(Beginning of EXERCISE INPUTS)
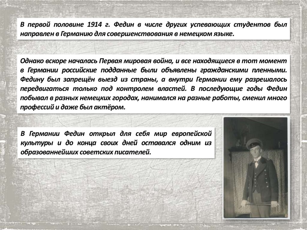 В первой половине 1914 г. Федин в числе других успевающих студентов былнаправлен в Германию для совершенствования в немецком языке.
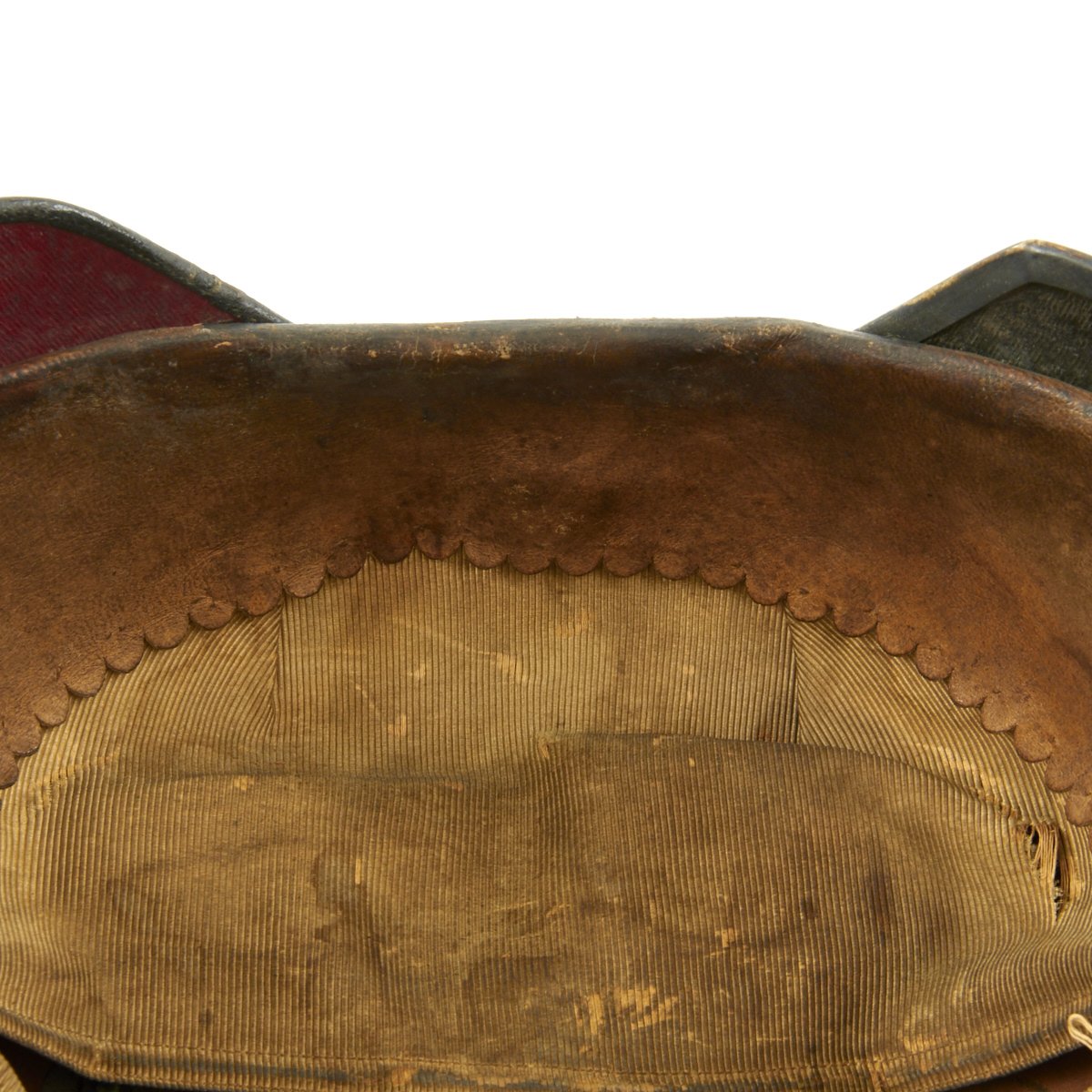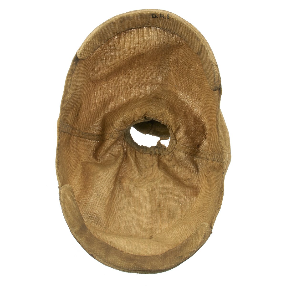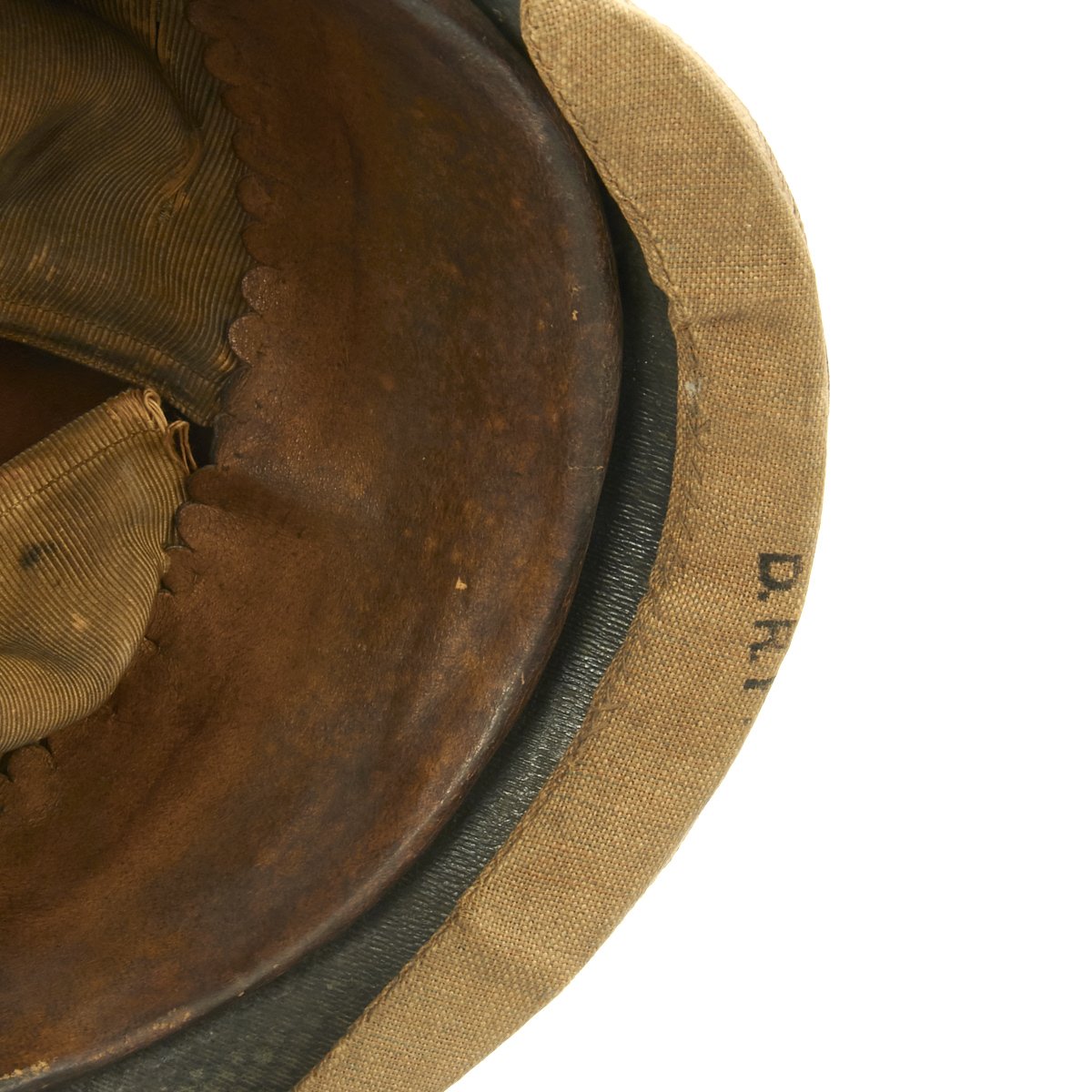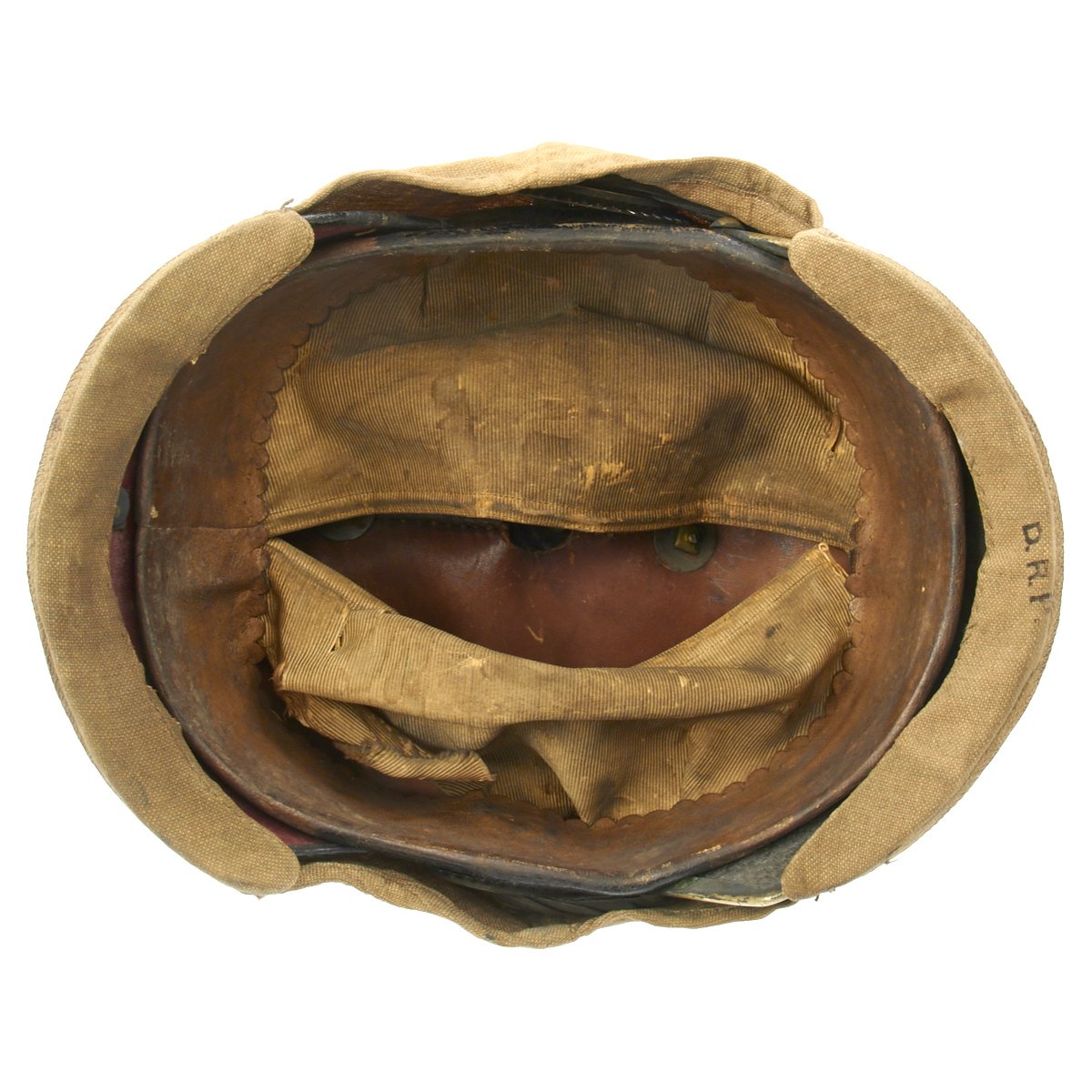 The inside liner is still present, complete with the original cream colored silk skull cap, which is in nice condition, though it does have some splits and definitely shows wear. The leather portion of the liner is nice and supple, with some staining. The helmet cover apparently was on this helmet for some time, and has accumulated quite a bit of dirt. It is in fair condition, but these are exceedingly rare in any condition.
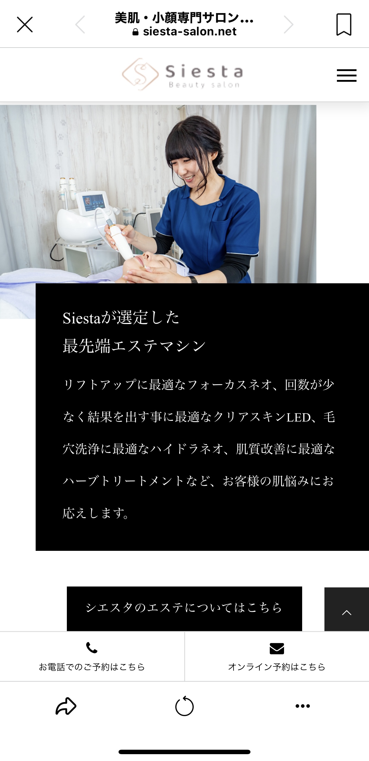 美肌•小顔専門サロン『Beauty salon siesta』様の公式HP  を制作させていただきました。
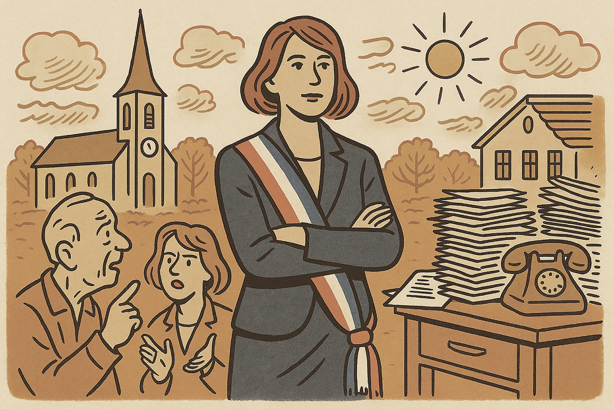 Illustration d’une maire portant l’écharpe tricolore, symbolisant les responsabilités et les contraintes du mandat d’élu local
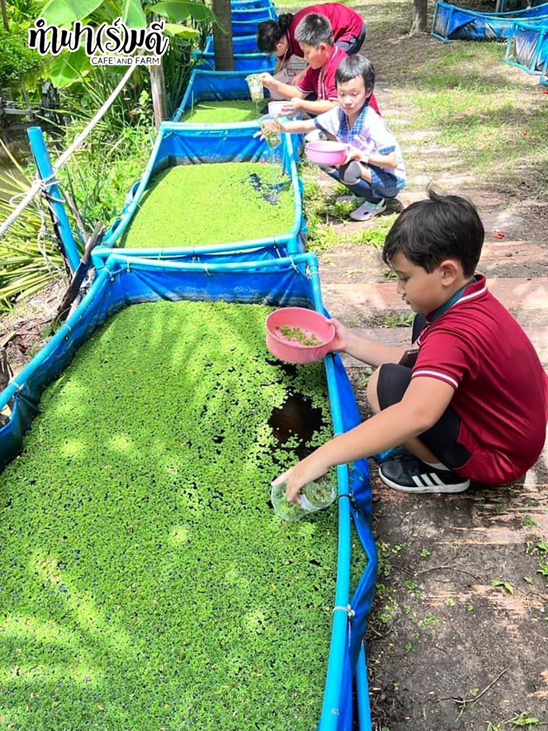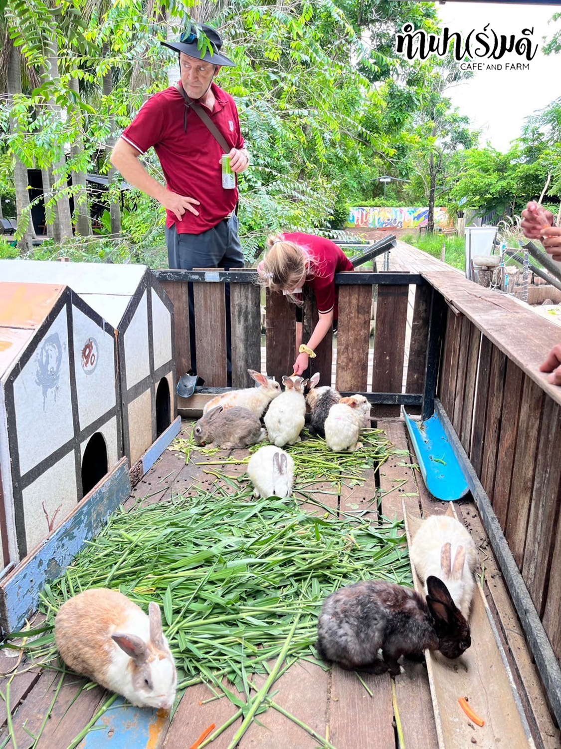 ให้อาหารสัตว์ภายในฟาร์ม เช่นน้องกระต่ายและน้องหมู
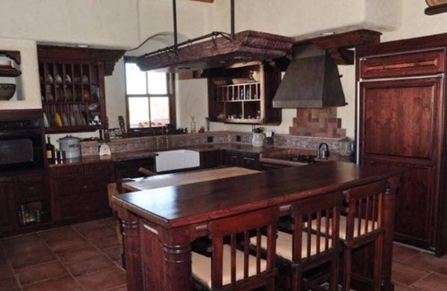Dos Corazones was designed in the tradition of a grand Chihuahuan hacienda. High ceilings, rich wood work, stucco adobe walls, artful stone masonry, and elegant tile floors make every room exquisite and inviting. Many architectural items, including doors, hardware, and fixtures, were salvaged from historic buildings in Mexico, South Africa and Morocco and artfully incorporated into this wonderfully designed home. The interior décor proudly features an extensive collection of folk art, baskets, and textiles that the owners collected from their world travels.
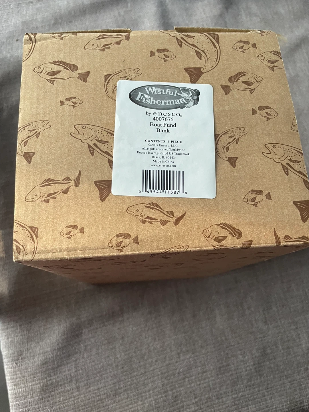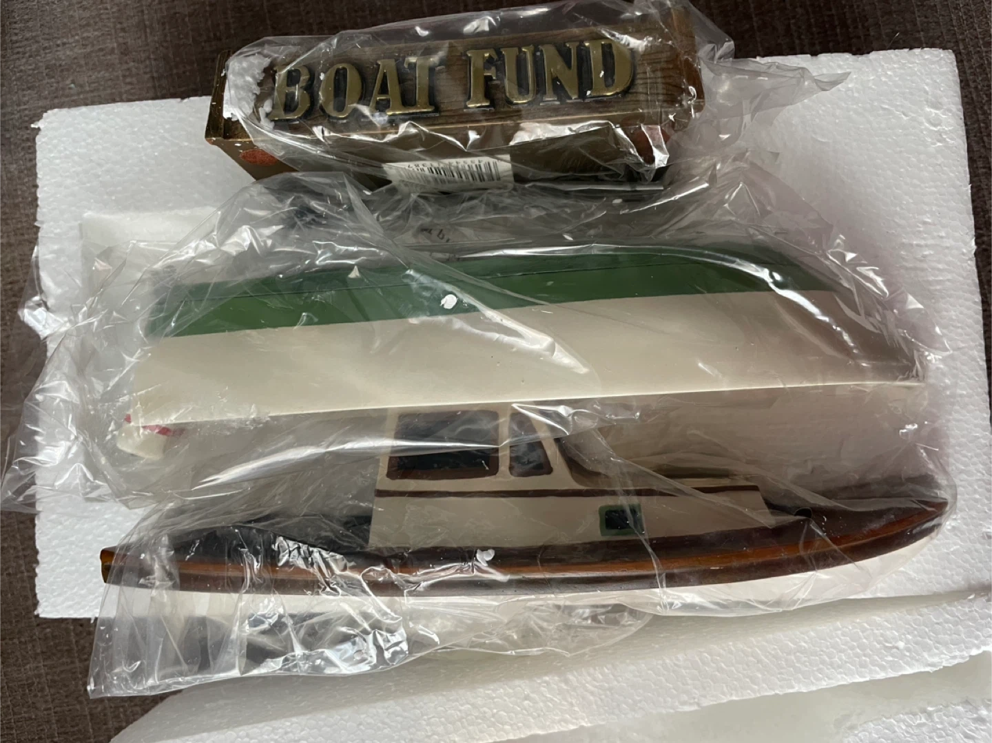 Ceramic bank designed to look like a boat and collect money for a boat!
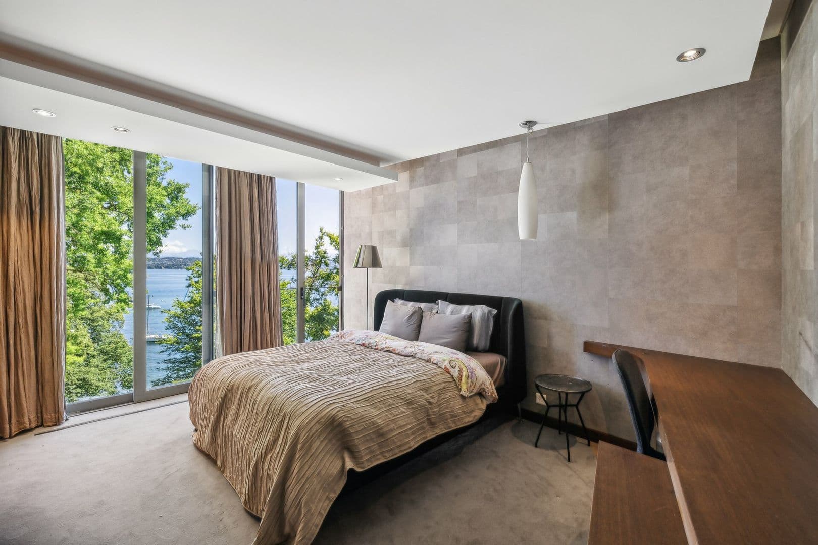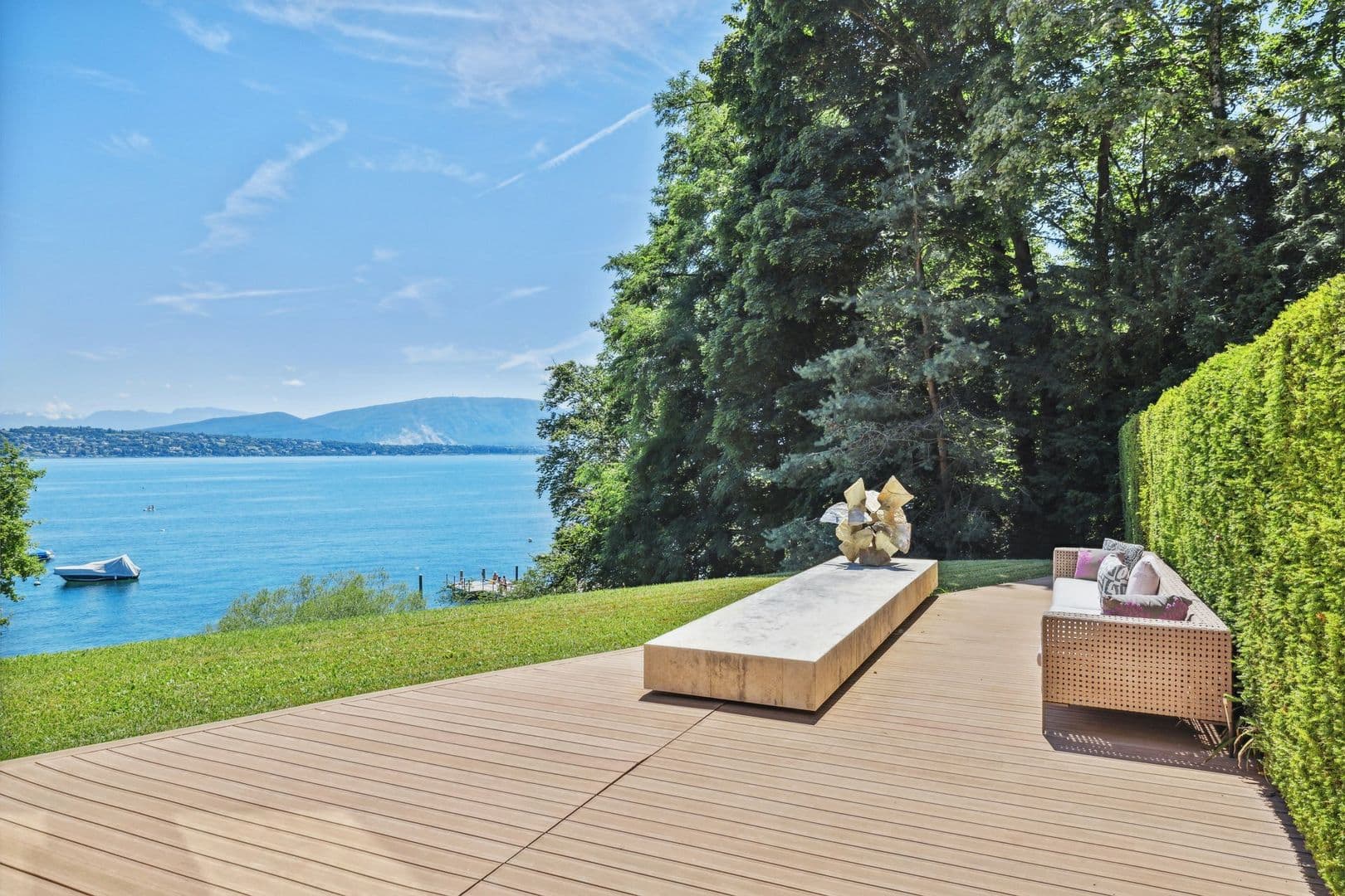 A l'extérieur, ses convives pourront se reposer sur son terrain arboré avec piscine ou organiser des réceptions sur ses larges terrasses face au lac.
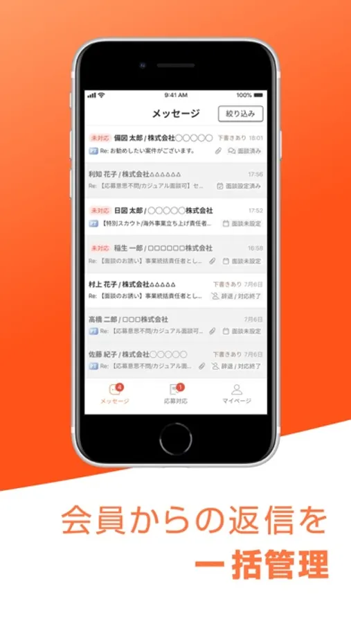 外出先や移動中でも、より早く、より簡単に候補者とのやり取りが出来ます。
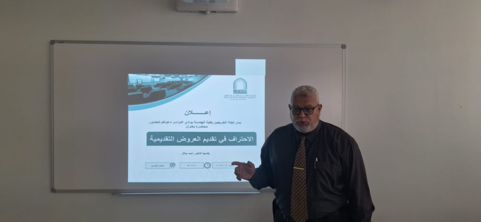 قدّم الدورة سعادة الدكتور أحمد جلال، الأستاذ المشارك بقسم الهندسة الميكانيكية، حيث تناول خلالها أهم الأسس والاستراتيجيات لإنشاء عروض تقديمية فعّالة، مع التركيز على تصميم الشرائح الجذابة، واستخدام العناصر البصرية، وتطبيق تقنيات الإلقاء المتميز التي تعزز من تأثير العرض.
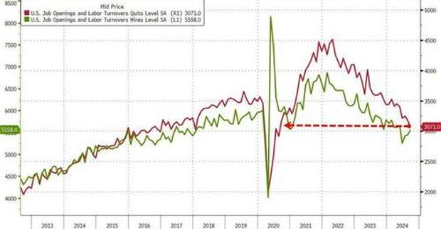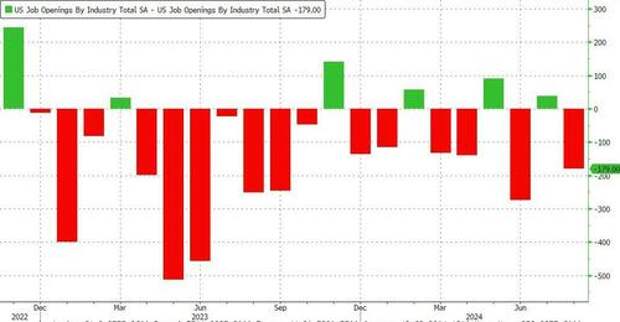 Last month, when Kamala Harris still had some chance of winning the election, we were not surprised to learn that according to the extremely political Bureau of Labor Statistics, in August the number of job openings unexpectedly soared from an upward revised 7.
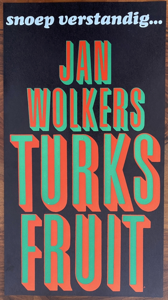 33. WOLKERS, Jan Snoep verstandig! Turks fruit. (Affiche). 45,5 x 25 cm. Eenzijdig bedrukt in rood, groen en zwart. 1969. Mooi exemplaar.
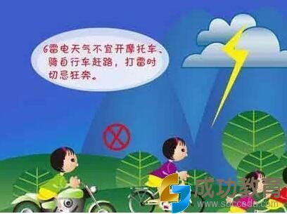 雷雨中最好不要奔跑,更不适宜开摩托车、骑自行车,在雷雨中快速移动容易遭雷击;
(End of EXERCISE INPUTS)
■ PROBLEM STATEMENT
With all pictures omitted, return exactly the lines from the one containing "Last month, when" through the end of the entries above.

■ TASK ANSWER
 Last month, when Kamala Harris still had some chance of winning the election, we were not surprised to learn that according to the extremely political Bureau of Labor Statistics, in August the number of job openings unexpectedly soared from an upward revised 7.
 33. WOLKERS, Jan Snoep verstandig! Turks fruit. (Affiche). 45,5 x 25 cm. Eenzijdig bedrukt in rood, groen en zwart. 1969. Mooi exemplaar.
 雷雨中最好不要奔跑,更不适宜开摩托车、骑自行车,在雷雨中快速移动容易遭雷击;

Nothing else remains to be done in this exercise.